An equally weighted approach ensures that smaller and more innovative companies are increasingly represented in our ETFs. Moving away from the pure Market Cap index reduces the risk that we will only be overexposed for only the largest Tech companies (so-called FAANGS) and other Megacaps. Under President Biden, we believe U.S. rules are likely to limit the flexibility of the largest Tech players to make significant groundbreaking acquisitions in the future. This is due to antitrust (monopolies) and privacy considerations. An equally weighted approach has the advantage of limiting exposure to an individual company and including a more diversified mix of holdings. It reduces our risk/volatility exposure by holding close to 100 holdings – with a weighting of approximately 1 percent per holding.

Today you have three different ETFs, all with their own theme, although ITEK can buy shares in the same sectors as the others. Is there a chance that you will start sub-funds for ITEK if you identify an interesting niche?

Yes, we could launch additional ETFs within certain sub-themes of ITEK. Currently, we have chosen Cloud Technology and Healthcare Innovation as the two most promising sub-themes. Even before COVID, companies were increasingly using the cloud to lower their hardware costs. We’re seeing cloud spending double in the next two years – that it will exceed $500 billion annually. It is by far the fastest growing area of IT spending – rapidly gaining market share and from 2020, spending on site surpassed traditional IT departments for the first time.
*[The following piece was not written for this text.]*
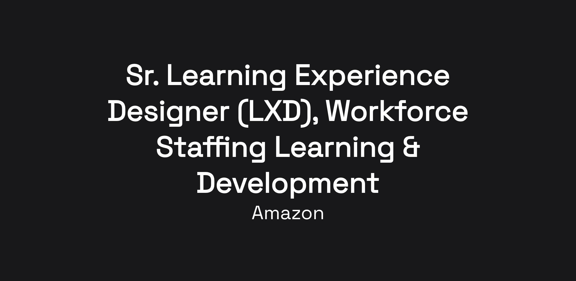 The Workforce Staffing Learning & Development team is seeking an innovative Sr. Learning Experience Designer to join our dynamic team. In this role, you'll design, develop, and enhance learning programs that impact associates worldwide in Amazon's hiring operations. As a self-motivated professional with a passion for learning and development, you'll collaborate with cross-functional teams, subject matter experts, and program managers to create impactful content and implement program offerings. The ideal candidate possesses expertise in adult learning principles and instructional design methodologies, with a strong foundation in data-driven decision making.

COVID has fast-tracked virtual cloud usage and we see that this trend continues to increase. Health care also benefits from the cloud via telemedicine. But there are major innovations that occur in the field of biotechnology, genetic sequencing, medical devices, neuroscience, bioinformatics, etc. We have identified ten sub-themes in Healthcare that are compelling trends. Health care already represents 20 percent of U.S. GDP and until recently has benefited from the slowest areas of adoption of digital transformation. COVID has quickly tracked the adoption rate in this space with at least five years of rules and health insurance now encouraging digital/virtual treatments.
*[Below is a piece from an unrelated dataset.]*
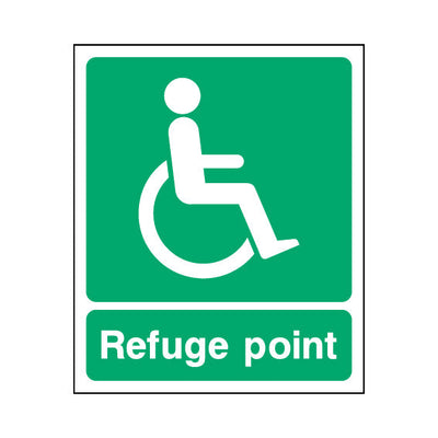 The Refuge Point - Disabled Icon sign falls under the Emergency Escape category. This sign is commonly used in various settings, including workplaces, schools, and public spaces, to enhance safety and compliance. This sign complies with UK health and safety standards, including BS ISO 7010, ensu

How often do ETFs own shares in the same company?

Because we use Solactive to create index indices for both ITEK and SKYY – there is some overlap between cloud companies. However, our SKYY product contains 75 holdings, while ITEK has only a maximum of 15 holdings per sub-theme (for example, Cloud). We also own some Gene Editing companies both in ITEK and in our Healthcare Innovation ETF.

How has the Corona pandemic affected your work and the chance to meet new interesting companies for the ETFs?
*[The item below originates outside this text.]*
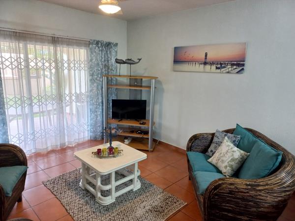 Gorgeously fully furnished 2 bedrooms, 2 bathroom unit to rent in a sought-after complex in Uvongo.Close to all amenities. Open plan kitchen, dining area, and lounge leading onto the patio overlooking a lovely garden and braai area. Communal swimming pool, braai, and kids'' play area for those lovely summer days. 24-hour CCTV monitoring. This unit has a single lock-up garage. Rent excludes water, electricity refuse and sanitation. Linen is not included. Pre-Approved clients to view.

Since our ETFs only invest in publicly traded technology and healthcare companies – we haven’t really suffered because of COVID to identify innovative new players. Our ETFs follow a rules-based process for companies to qualify for inclusion. Possession must survive a tough screening process. This includes a minimum market size, a daily trading volume (liquidity) and Pure-Play criteria (i.e. revenue thresholds above 50 percent per theme/sub-theme). ESG screening is applied first.

The original article can be found at ETFmarknaden

To invest in these themes, find out more about the GinsGlobal HANetf ETF products here.